As Glendale officials prepare to send in their fourth round of funding requests as part of the wind-down of local redevelopment, this time they’re asking for $700,000 to reimburse the city for some of roughly $66 million in loans the city has made since Glendale first started its redevelopment activities decades ago.

City officials requested money to refund the loans when they last asked for their allowance from the California Department of Finance, but they were denied because they hadn’t jumped through certain hoops.

Before reimbursing the loans — some of which the state Department of Finance at one point wasn’t going to honor — officials in Sacramento must review multiple audits of the city’s finances for their stamp of approval.

“We didn’t have that magic ticket,” Elena Bolboian, senior administrative analyst, said at a City Hall meeting this week.

However, by the time the fourth round of funding — which covers July through December — comes into effect, the city expects to get that “magic ticket” and the money to reduce at least some of the outstanding balance over time.

When Glendale first created its redevelopment agency, the city put in millions of dollars to kick-start public improvements, which would later be covered by incrementally higher property tax benefits. Several loans had been refunded with up to $6 million annual payments until state lawmakers ended redevelopment last year to help close a yawning state budget deficit.

Since then, Glendale has been getting money to pay off obligations — such as employee benefits, consultant fees and project costs, including subsidies to the Alex Theatre — in six-month increments.

City officials, though, have complained that they have to beg for money that had historically been theirs and often get less than expected. They also have had to use cash on hand to close the gaps.

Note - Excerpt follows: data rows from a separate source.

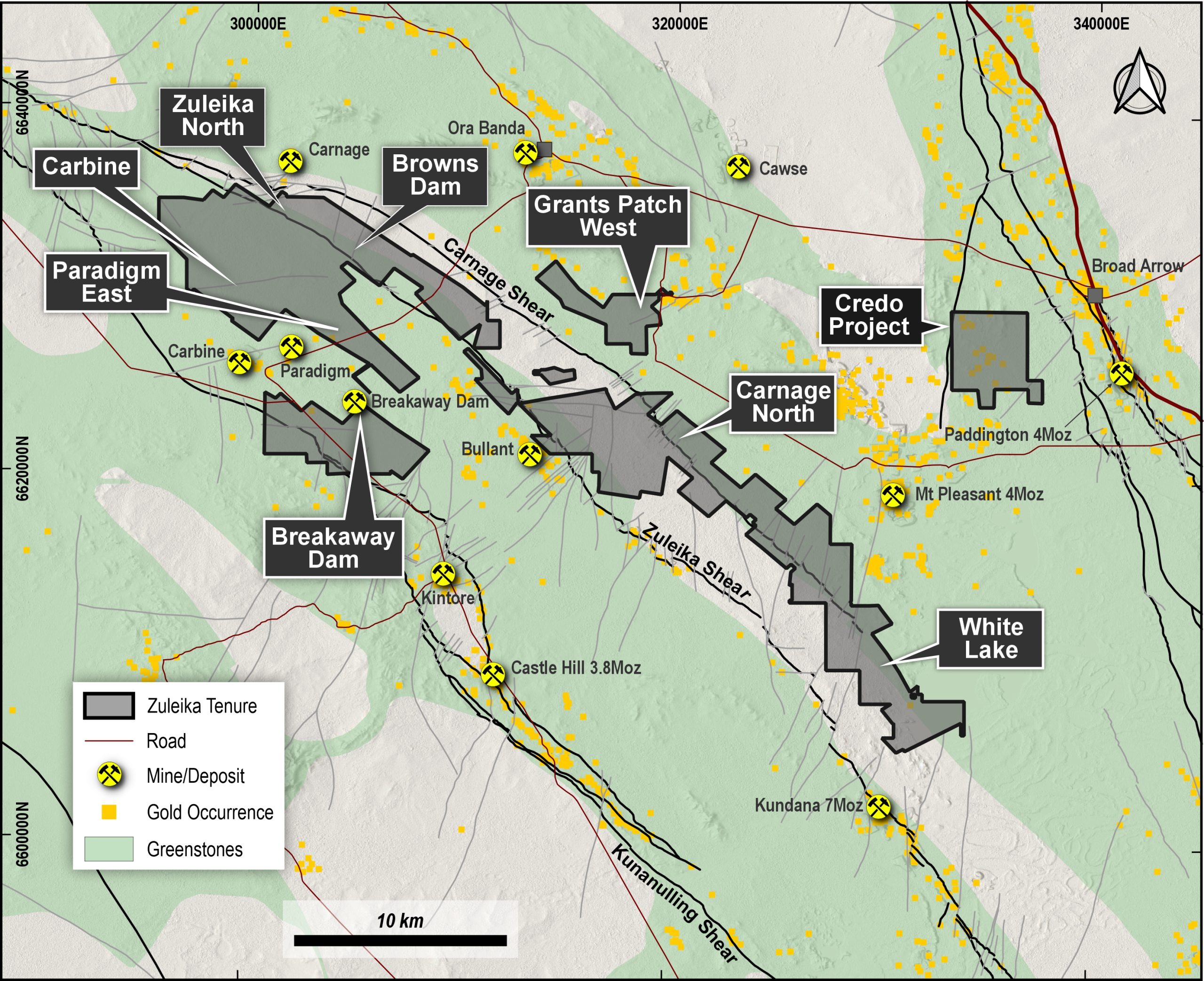 Zuleika Gold has two joint ventures on the world class gold conduit, the Zuleika Shear (220 km²) which has produced 20 million ounces of gold and at Credo Well (12 km²) which historically has shown spectacular specimen gold and from drilling generated extraordinary high-grade intersections. The Zuleika and Credo areas are adjacent to a number of producing gold mines operated by Northern Star, Evolution and Zijin.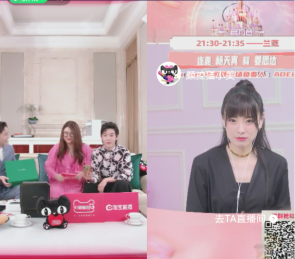 这一点在杨天真与天猫主播“颜控猫小美”连线时体现到极致。猫小美热情昂扬的语气和高语速让人瞬间回到了淘宝直播间的惯常氛围,而另一头的杨天真和姜思达则带着耳机时不时点头,偶尔窃窃私语两句。
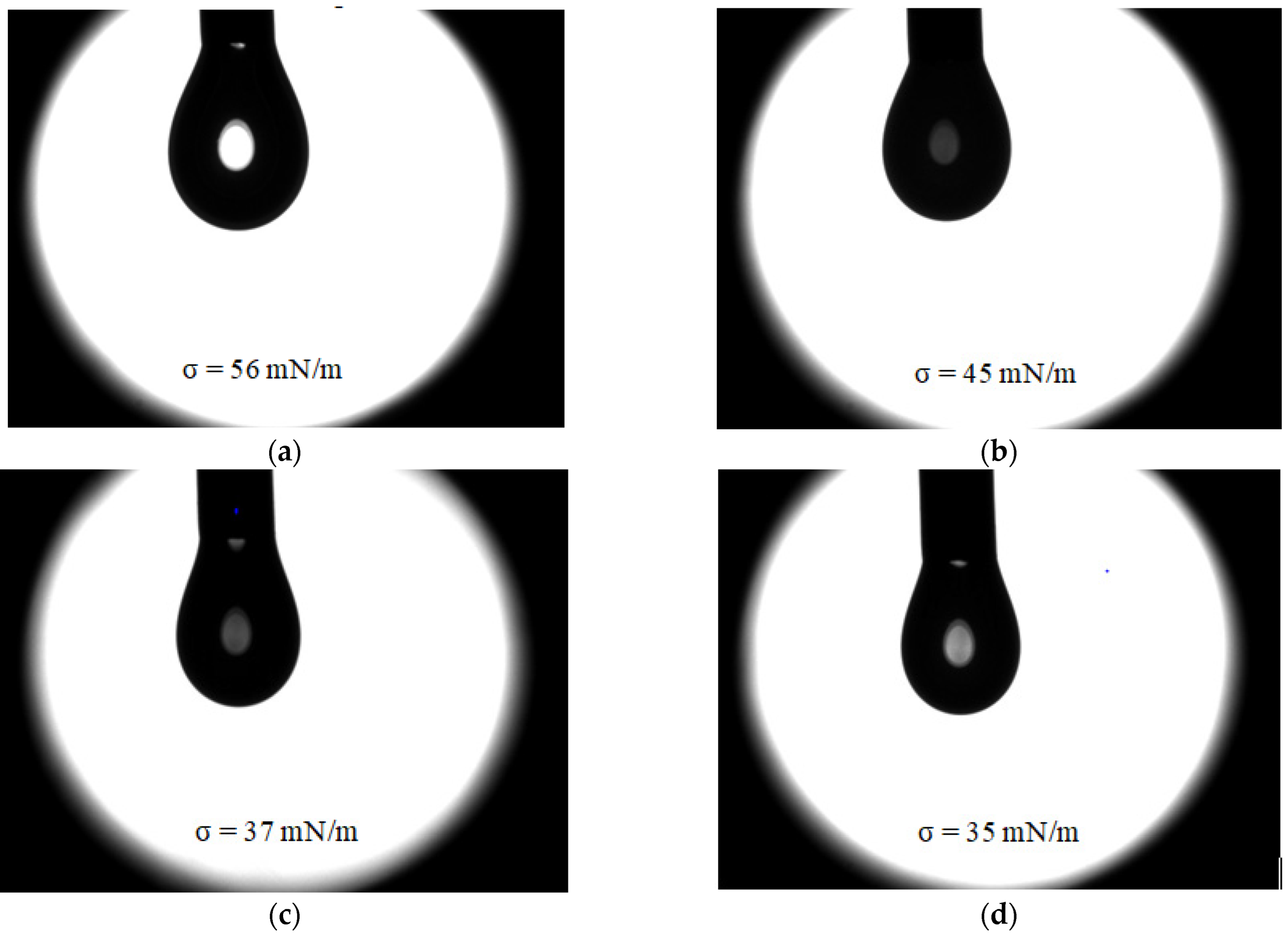 The surface tension of the studied nanoemulsions was measured by the “Pendant Drop” method. The photos is shown in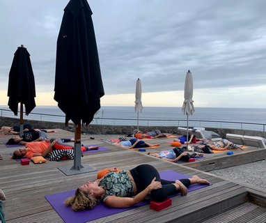 Morgens wurden wir auf der wunderschönen Sonnenterrase des Hotel Estalagem bei unseren energiereichen Runen-Übungen und kraftvollen Yang-Yoga-Sequenzen von der Sonne wach geküsst und vom Wind sanft liebkost. Am Abend haben wir dann im stimmigen Yogaraum entspannende Yin-Sequenzen und tiefes Loslassen genossen. Jeder Teilnehmende konnte sein eigenes, auf allen Ebenen nährendes Yoga praktizieren.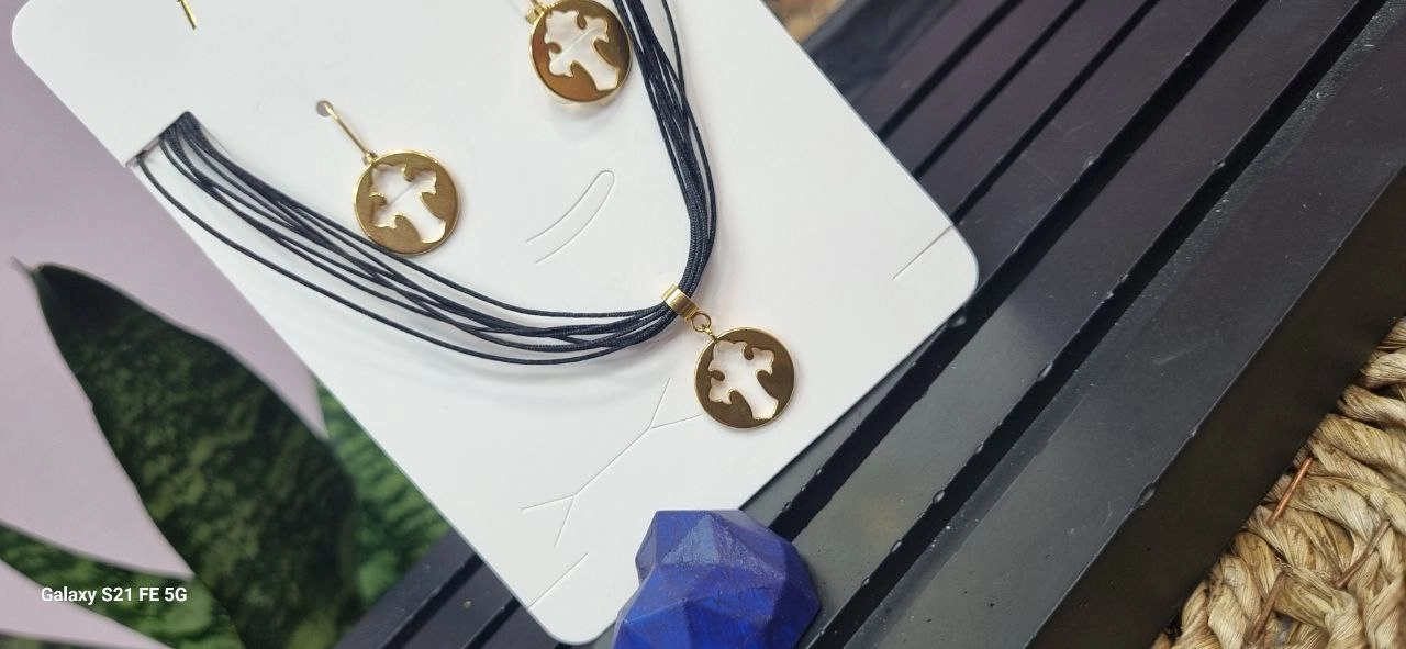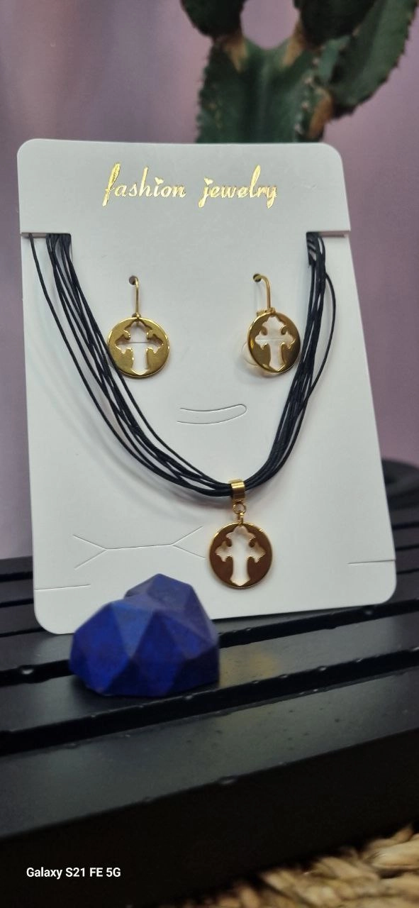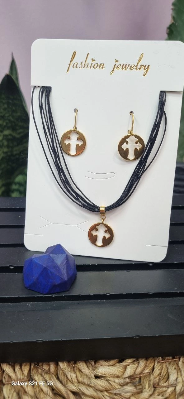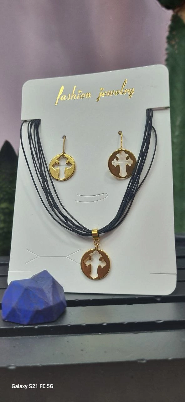 نیم ست استیل طلایی با پلاک صلیب رنگ ثابت بدون ایجاد حساسیت و تغییر رنگ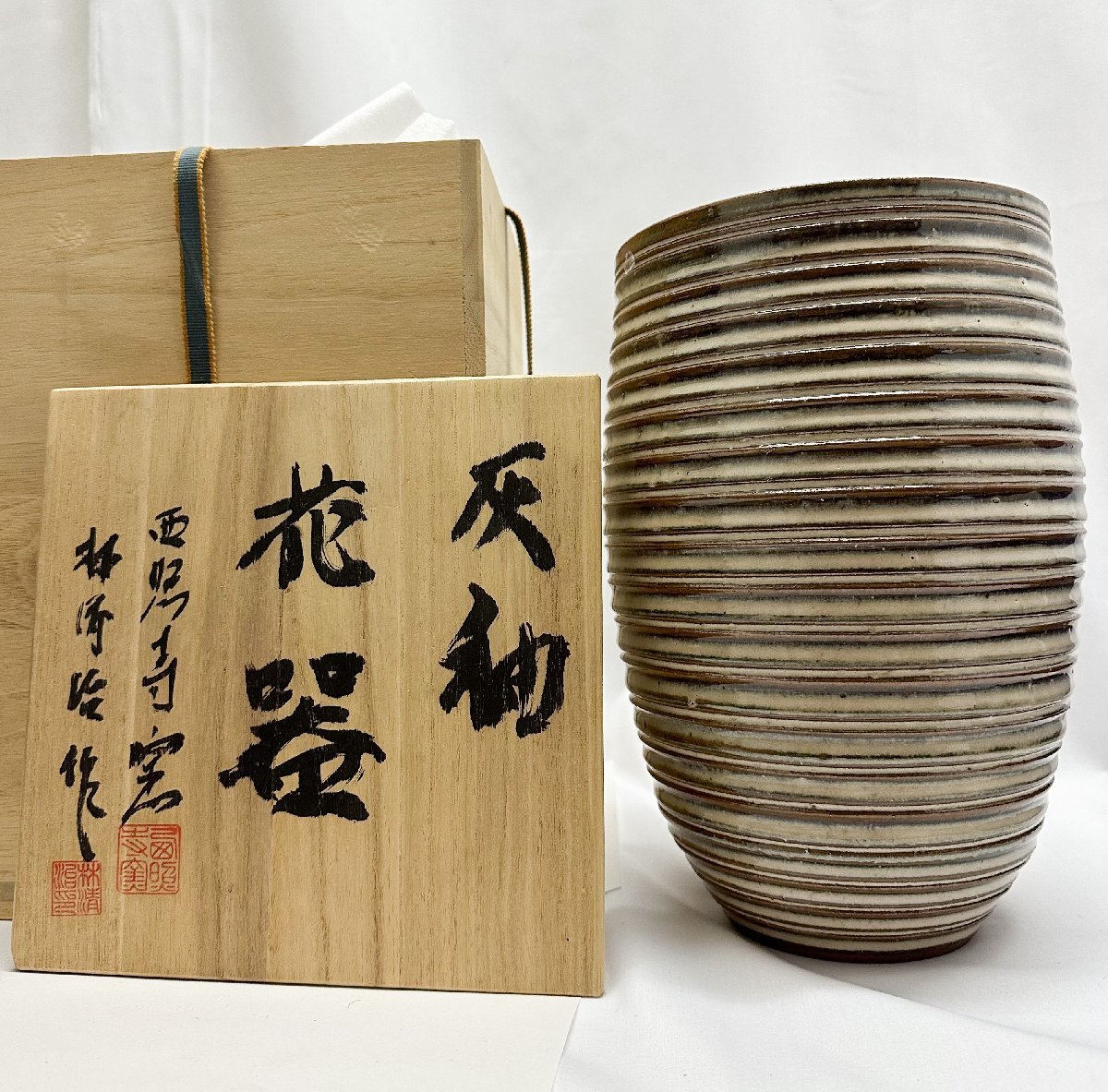 未使用 熊本 西照寺窯 林清治 灰 花器 花瓶 高さ29cm 共箱付 | |||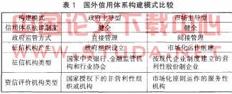 信用体系的构建模式通常依据征信机构的产生和发展背景来划分,从国际上各个国家信片J体系构建模式类型上看,目前主要有两种选择:一种是政府主导的社会信用体系模式,即征信机构由政府组织设立,主要由中央银行、监管机构和行业协会组成,征信机构和资信评价机构都是非营利性的,由政府统一实施监管;另一种是市场主导的社会信用体系模式,在市场化模式下,不仅具备了较为完善的信用体系和政府监管体系,而且与之相伴形成了独立、客观、公正的,按照制度方式建立,并依据市场化原则运作的征信服务机构(见表1)。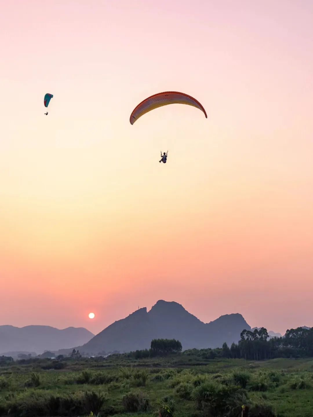 ●去往武鸣县广西大明山滑翔伞基地,体验落日滑翔伞,可入住山顶营地,享受精致露营,夜观大明山星空。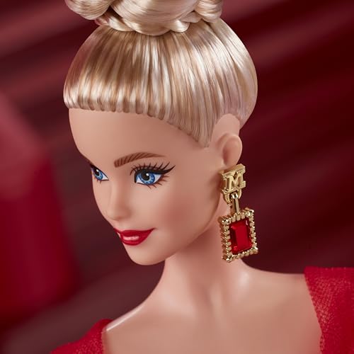 Osservando da vicino, si apprezzano i dettagli che distinguono questa Barbie da una normale bambola playline. Il viso, con la variante bionda del modello JBJ17, presenta un make-up elegante con labbra rosse decise che richiamano il colore dell'abito. I capelli biondi sono raccolti in un'acconciatura sofisticata, un updo curato che lascia scoperte alcune ciocche a incorniciare il viso, aggiungendo un tocco di classe senza tempo.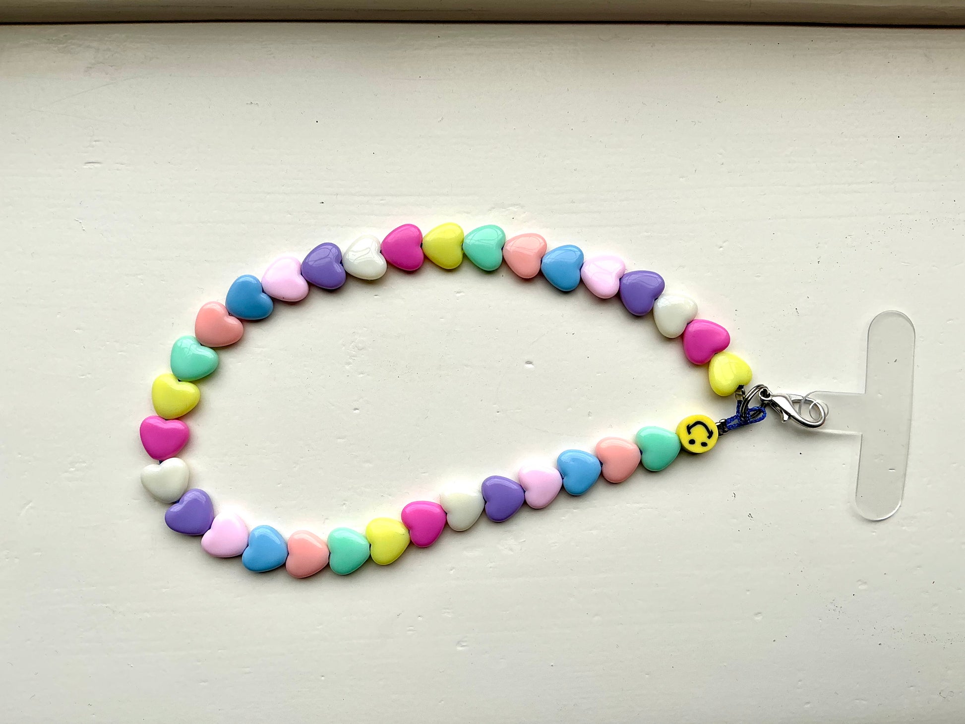 Gekleurde kralen telefoonkoord hartjes gekleurd

Although the city may soon be getting some reprieve when it comes to the inter-agency loan, City Manager Scott Ochoa said it’s not enough.

“We’re getting cents on the dollar for what was owed to this community from the investment that was made early on,” he said.

If the latest funding request is approved as is, the city could get $19 million, including the $700,000 loan payment and $12 million to cover debt service on 2010 bonds that had been frozen by redevelopment’s end.

Also, the city may finally be able to use $17 million that came from those bonds to begin Central Avenue street improvements, Central Library enhancements and other infrastructure projects.